Le Gouvernement émet donc - je le confirme - un avis défavorable sur l'amendement n° 325.
M. le président. Personne ne demande plus la parole ?...
Je mets aux voix l'amendement n° 325, repoussé par le Gouvernement.

(L'amendement est adopté.)
M. le président. En conséquence, un article additionnel ainsi rédigé est inséré dans le projet de loi, après l'article 52.
Mes chers collègues, il est dix-neuf heures quarante-cinq, et la conférence des présidents doit se réunir à vingt heures, afin d'établir - ce qui posera sans doute quelques problèmes - le programme des séances à venir.

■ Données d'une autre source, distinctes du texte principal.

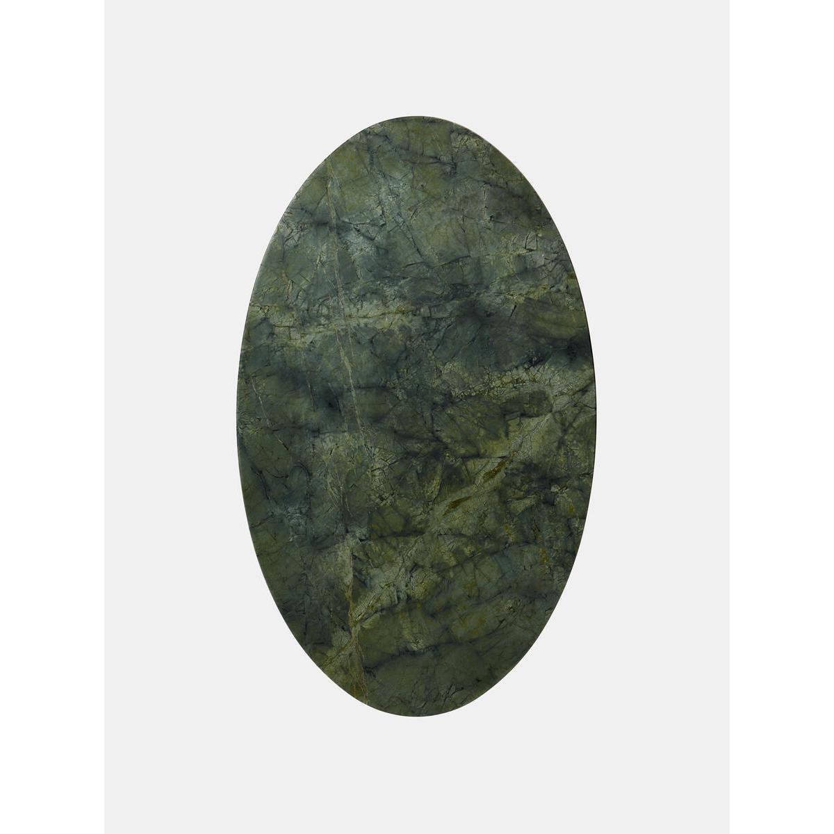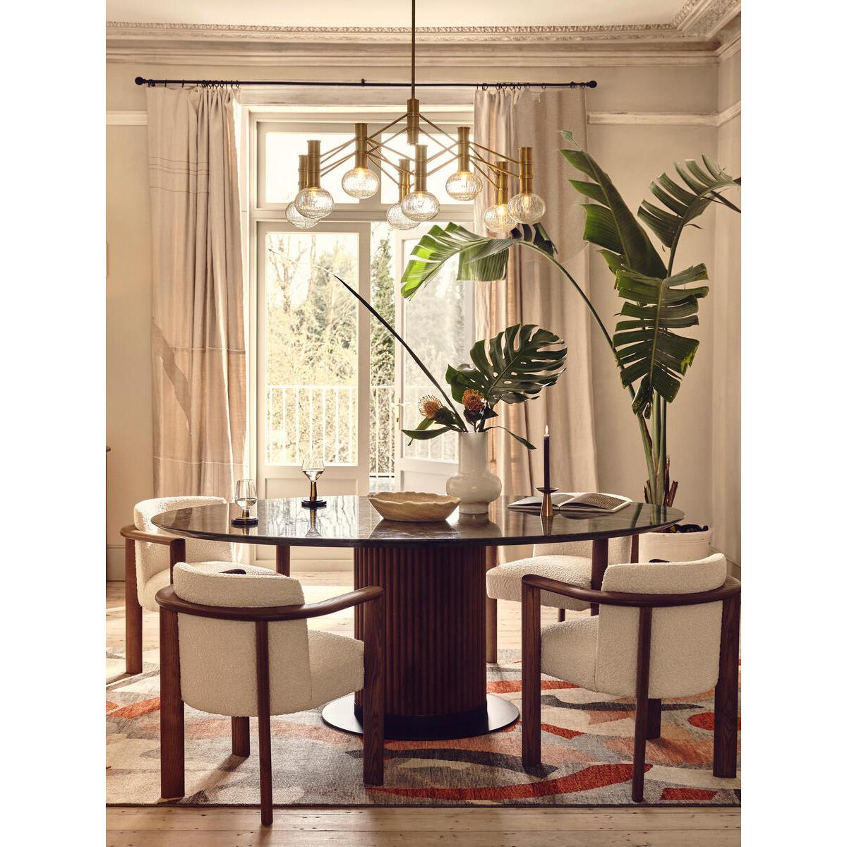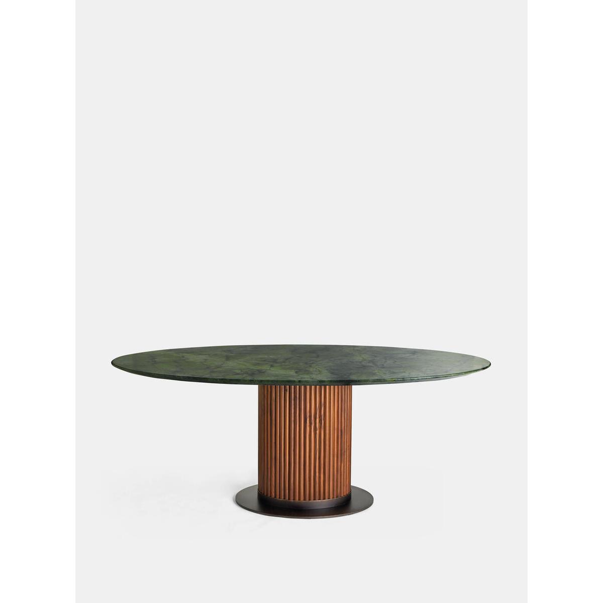 Referencing the marble pieces seen throughout Soho House Rome, this sleek dining table is constructed from polished green marble sourced from Brazil with intricate grey veining and crystallised accents. Offset with a solid-oak-clad pillar base, the table counterbalances clean lines with warm tones. Make it the focal point of your dining room. Solid walnut and marble oval dining table Green marble top sourced from Brazil Intricate veining and crystallised accents Wooden cylinder base Variations in the marble make each piece unique Seats six to eight people Marble sourced from Italy Inspired by Soho House Rome

M. Pierre Hérisson. Jusqu'à quelle heure allons-nous siéger cette nuit, monsieur le président ?
De nombreux sénateurs sur toutes les travées. Oui, jusqu'à quelle heure ?
M. le président. Il appartiendra précisément à la conférence des présidents d'en décider, mes chers collègues !
Nous allons donc interrompre nos travaux ; nous les reprendrons à vingt-deux heures.
La séance est suspendue.
(La séance, suspendue à dix-neuf heures quarante-cinq, est reprise à vingt-deux heures, sous la présidence de M. Paul Girod.)